TASK DETAILS:
Among the lines below, the one containing "おはようございます(^^) 朝から晴天☀️暑くなりそうだけど やっぱり気持ち良い♫" opens the range and the one containing "器に豆腐を盛り、(1)をかけてかつお節を振る。" closes it. Print that range exactly, without the pictures.

EXCERPTED RECORDS:

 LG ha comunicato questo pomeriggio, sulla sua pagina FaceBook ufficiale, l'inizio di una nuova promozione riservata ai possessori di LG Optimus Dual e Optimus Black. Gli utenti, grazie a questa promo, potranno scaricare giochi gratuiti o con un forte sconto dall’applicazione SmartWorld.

--

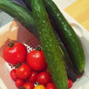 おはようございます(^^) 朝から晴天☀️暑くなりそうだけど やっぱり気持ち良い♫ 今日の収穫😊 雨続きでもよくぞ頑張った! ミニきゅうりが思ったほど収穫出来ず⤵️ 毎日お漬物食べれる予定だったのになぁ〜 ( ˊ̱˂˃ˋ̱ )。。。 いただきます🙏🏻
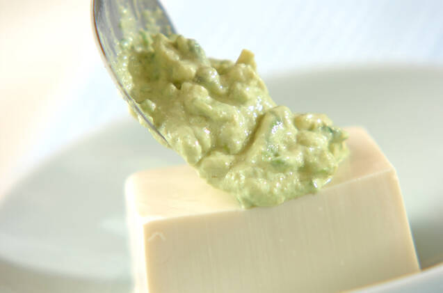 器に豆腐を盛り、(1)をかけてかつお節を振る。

--

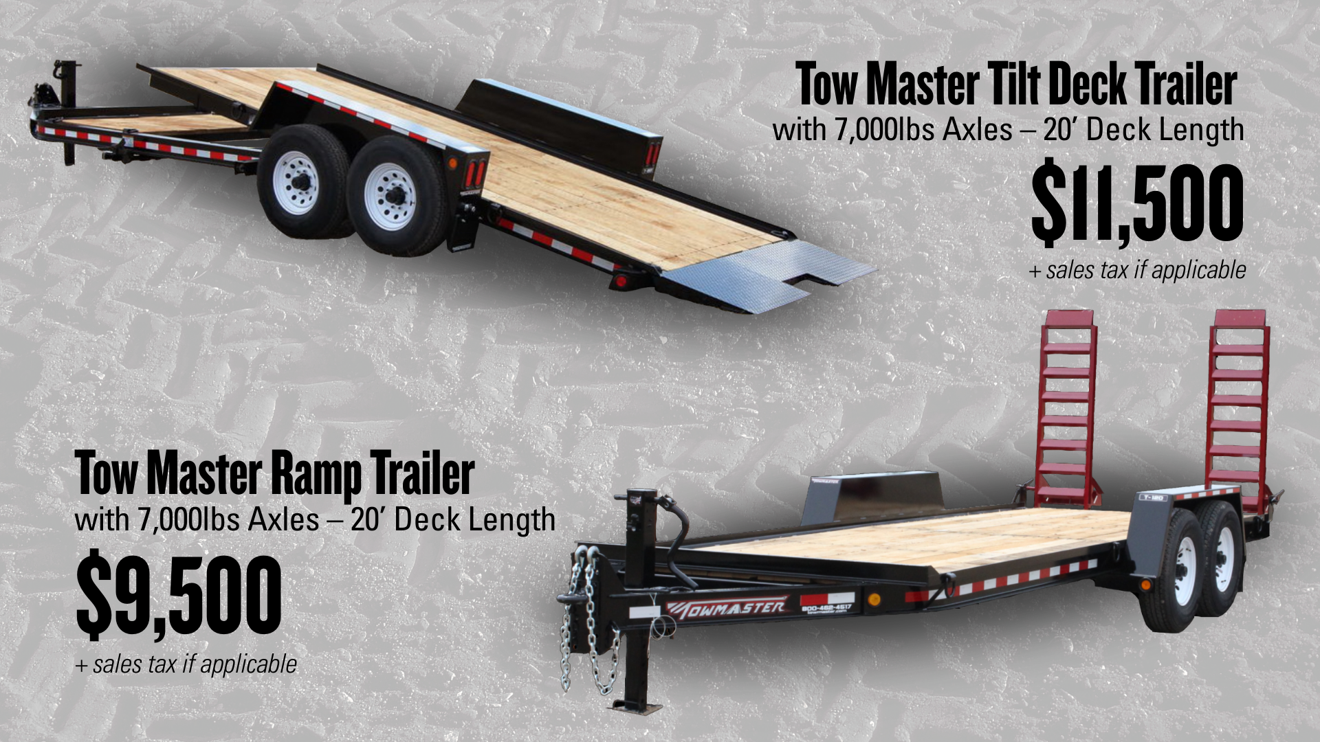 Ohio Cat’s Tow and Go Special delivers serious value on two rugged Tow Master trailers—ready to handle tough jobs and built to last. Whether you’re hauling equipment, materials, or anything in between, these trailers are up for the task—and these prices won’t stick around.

RESULT OF THE TASK:
 おはようございます(^^) 朝から晴天☀️暑くなりそうだけど やっぱり気持ち良い♫ 今日の収穫😊 雨続きでもよくぞ頑張った! ミニきゅうりが思ったほど収穫出来ず⤵️ 毎日お漬物食べれる予定だったのになぁ〜 ( ˊ̱˂˃ˋ̱ )。。。 いただきます🙏🏻
 器に豆腐を盛り、(1)をかけてかつお節を振る。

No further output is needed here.